Is that something that's going to evolve or we don't know?

It's been evolving, and there have been movements and pilots in place to make medical devices eligible for NRDL listing. So again, this isn't Optune or TTFields, this is all devices. I think there's lots of reasons to believe that over time, maybe by 2027, there's an opportunity for this -- a technology like TTFields to be listed on NRDL. And of course, that would open up a much, much bigger opportunity than what we see today. But even at the supplemental insurance cash paying market, again, just a reference, if there's a $50 million type opportunity in glioblastoma, the pancreatic just size of the market is at least 3 or 4x that. So I mean even if you're restricted to a smaller patient population that has access to insurance. We know this is also a much longer duration of therapy than you would see in glioblastoma. So even without changes, we see this as multiple hundreds of millions of dollars of sales opportunity in China.

Okay. few more things before we wrap up. BD plans I mean that was obviously the genesis that Samantha Du sort of vision to bring assets in from the United States or Europe. You've got a lot, obviously. What's the pace of BD going to look like? I mean, obviously, you just -- you did raise a little more capital recently. So can you help us understand, was that to fuel more BD? Or was it just to give you a little more cushion or what was the thinking there?

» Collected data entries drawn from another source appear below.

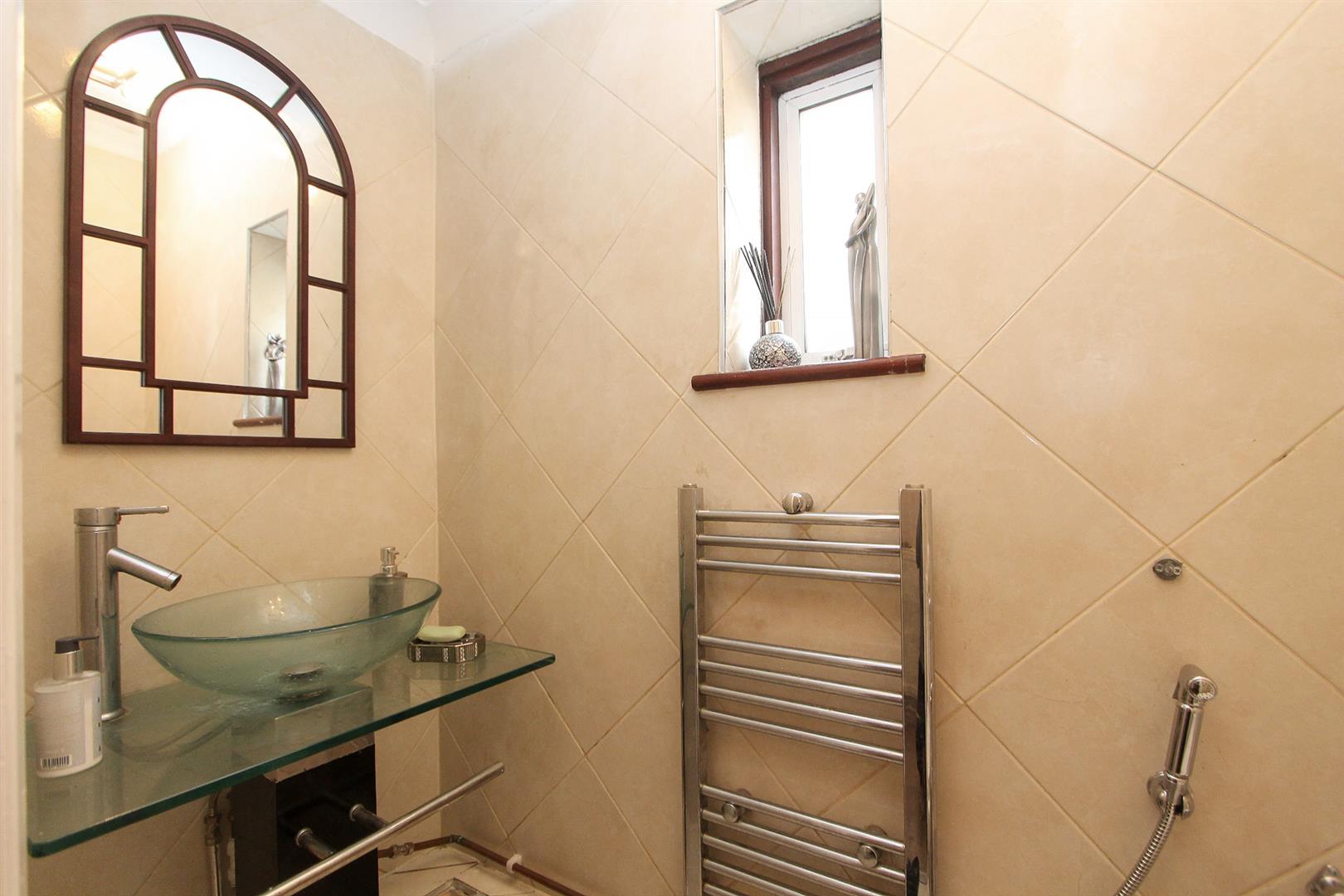 WC, wash hand basin with chrome mixer tap, heated chrome towel rail, tiled walls and flooring, double glazed obscure window to side aspect
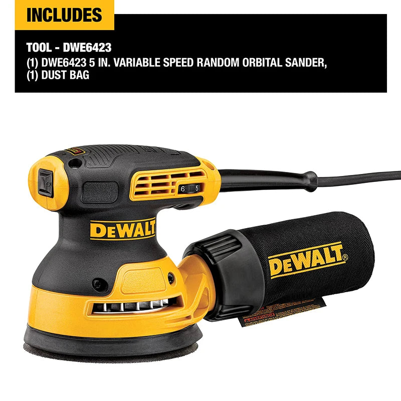 Dewalt DWE6423 Levigatrice orbitale casuale classica da 280 W a velocità variabile da 5 pollici con raccolta polvere per la lavorazione del legno 220 V
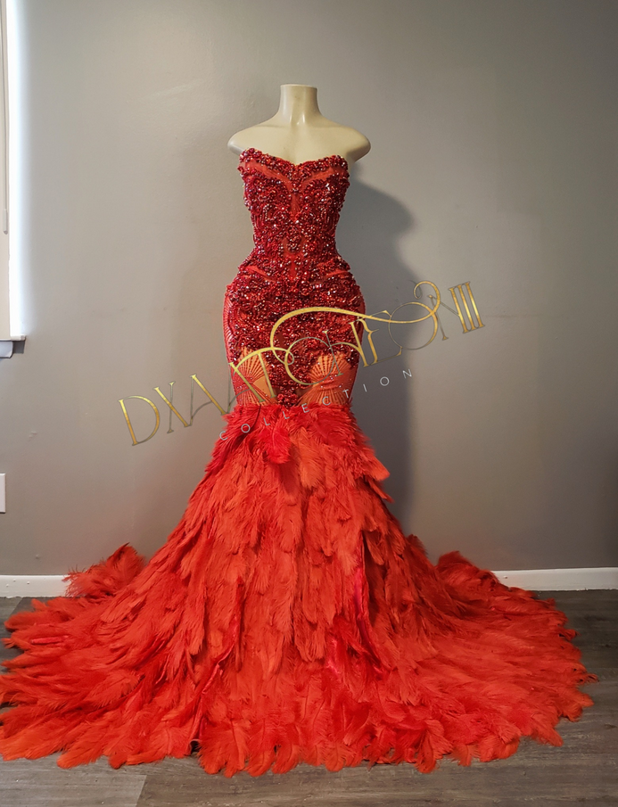 Red corset ostrich feather mermaid gown with crystals bodice embellishments over red glitter mesh. Back is zip up not lace up.
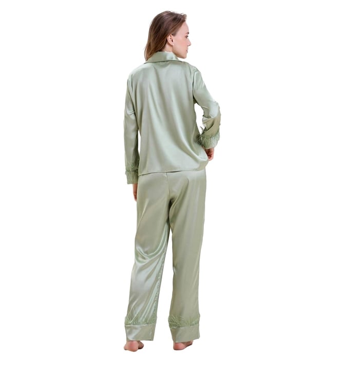 Mysthelle Green Nightwear Pyjama Set with Feather Trim
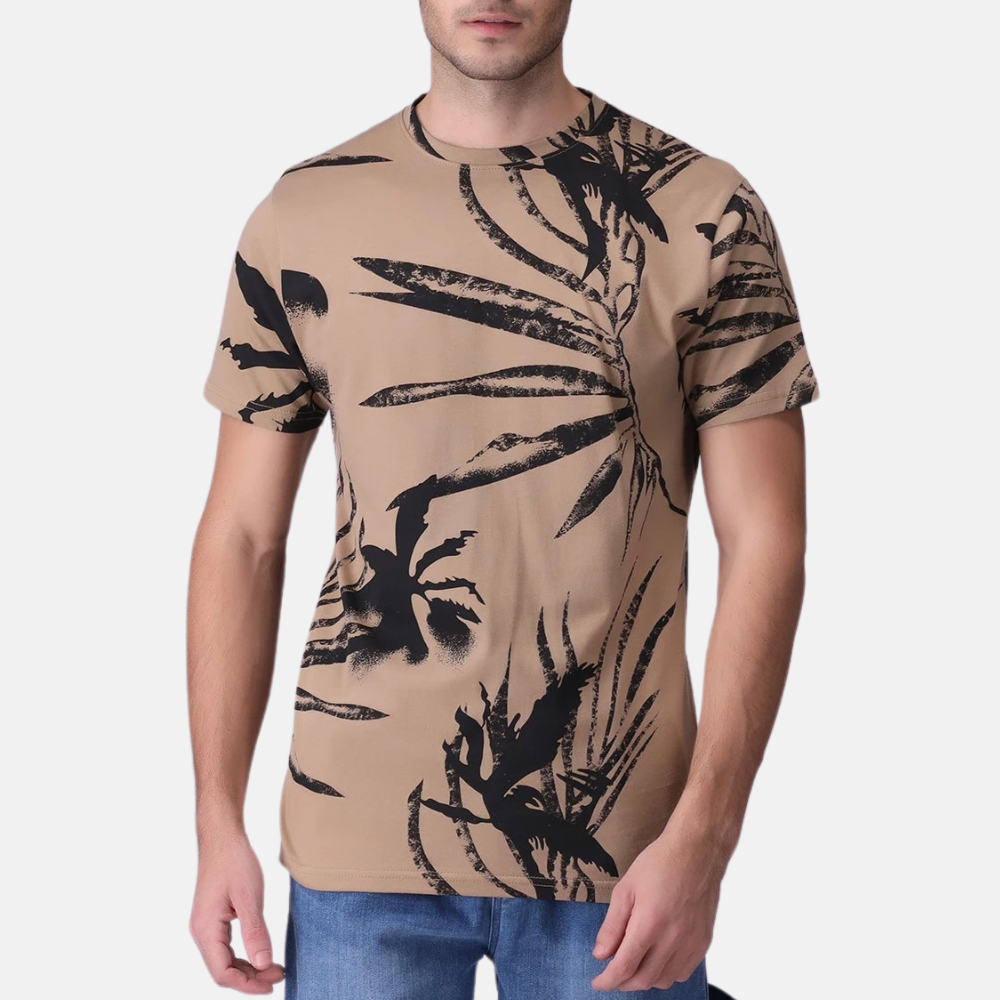 Elevate your casual style with this Latte All-Over Print T-Shirt. Designed with a ribbed crew neck and short sleeves, it features an eye-catching all-over print on soft jersey cotton fabric. Comfortable and trendy, it’s the perfect piece to add personality to your everyday wardrobe.
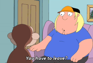 You have to leave? But I thought you were gonna go back to living in my closet again. I think that time of my life is over, Chris.
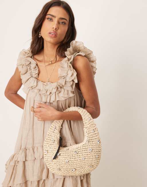 ASOS DESIGN - Naturfarvet hæklet skuldertaske med håndlavet look og dyb, rund form med krystaldetaljer i strå
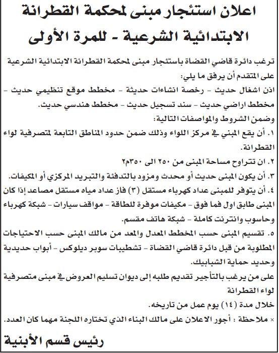 عطاء استئجار مبنى لمحكمة القطرانة الابتدائية الشرعية
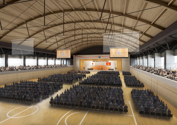 本学は2025年7月の完成を目指し、天白キャンパスに全学共用棟を建設します。天白キャンパスの正面アプローチを登った先に建設予定で、幹線道路からも視認でき、2026年に開学100周年を迎える本学の新たな顔となる施設です。体育の授業やクラブ・サークル活動で使用する他、入学式や卒業式などの式典の実施も予定。全学共用棟に隣接するクラブハウス棟も新たに建設し、学生たちの新たな活動拠点になります。
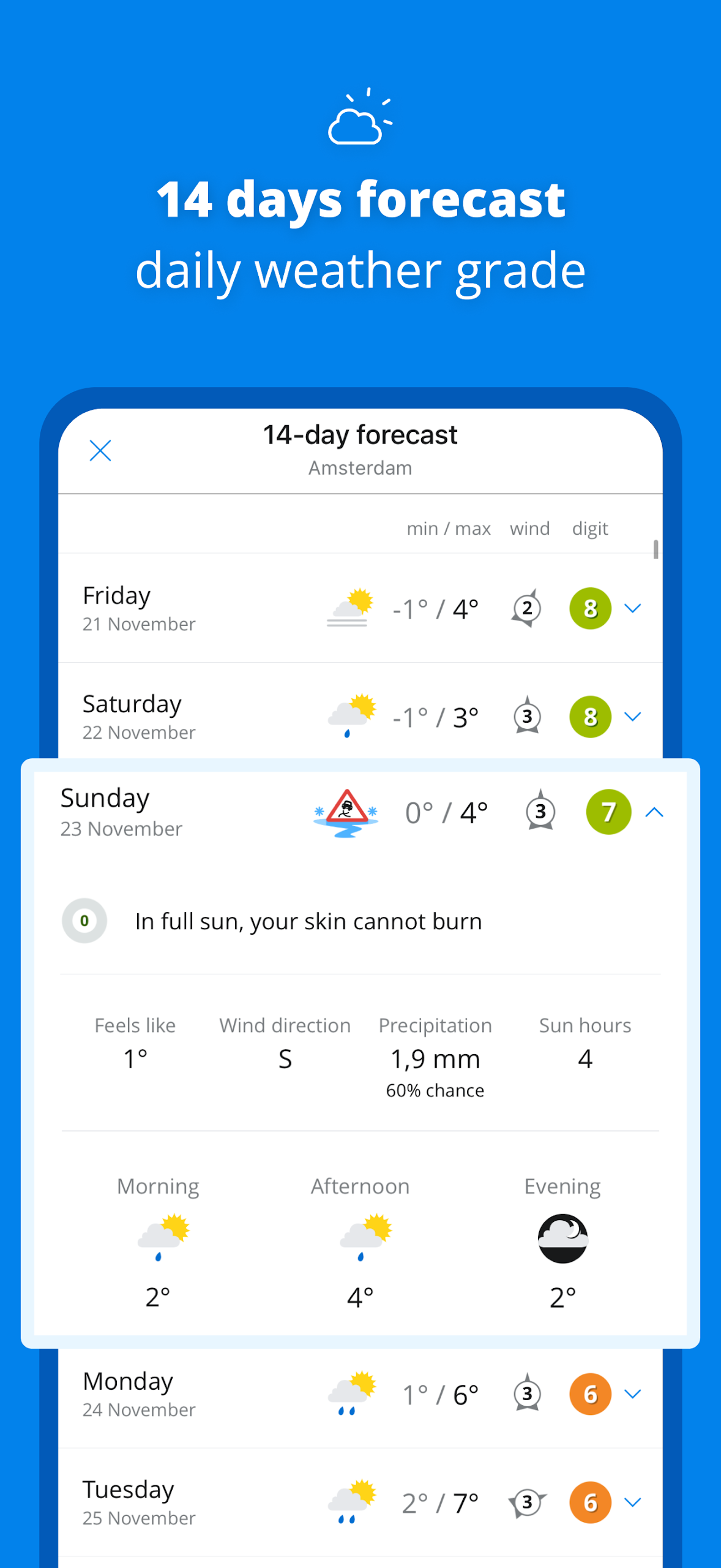 - wind strength and sunlight details

Yes. So I'll start with BD. Of course, the company built the portfolio we have today around business development and acting as a partner for Western biotech basically. And over the last few years, given all the things we had to work on, plus just the universe of opportunities, we haven't done a new big interesting deal in China. The last thing we did was TIVDAK, which is going to be a really important product in China. But we do see a couple of good ones on the horizon. So you should expect us on an annual basis to do 1 or 2 late-phase opportunities to bring into China that sort of mostly fit into the therapeutic areas we're in today. Those aren't super capital intensive. As you know, you call, we tend to spend in the tens of millions of dollars upfront and then we step into the investment by participating in the global development plans. But we do expect to further build the portfolio in China. Where we do see the more exciting, I guess, or robust opportunities are in late preclinical, early clinical global phase, and we did a deal last quarter around ROR1 antibody, again, from a Chinese company preclinical, we'll move it into the clinic next year. We'd expect to do a couple of deals like that per year and the raise that we did gives us a little bit more capacity to do those deals and gives us a little more cushion. We do have -- we ended Q3 with a little more than $700 million in cash, and we're headed to profitability. So we're not -- the raise, which was only $200 million was -- didn't -- it wasn't necessary to do the next deal, but it does give us the firepower and capacity to continue to move at, I think, a robust pace from a business development perspective going forward.

There's a lot we didn't get to. I just realized we didn't talk about the topical IL-17, but I'll have to save that for the next one.

We'll do that in the next one.

So thank you so much for the time. Great to see you.

Thank you. Thanks all. Thanks, everybody.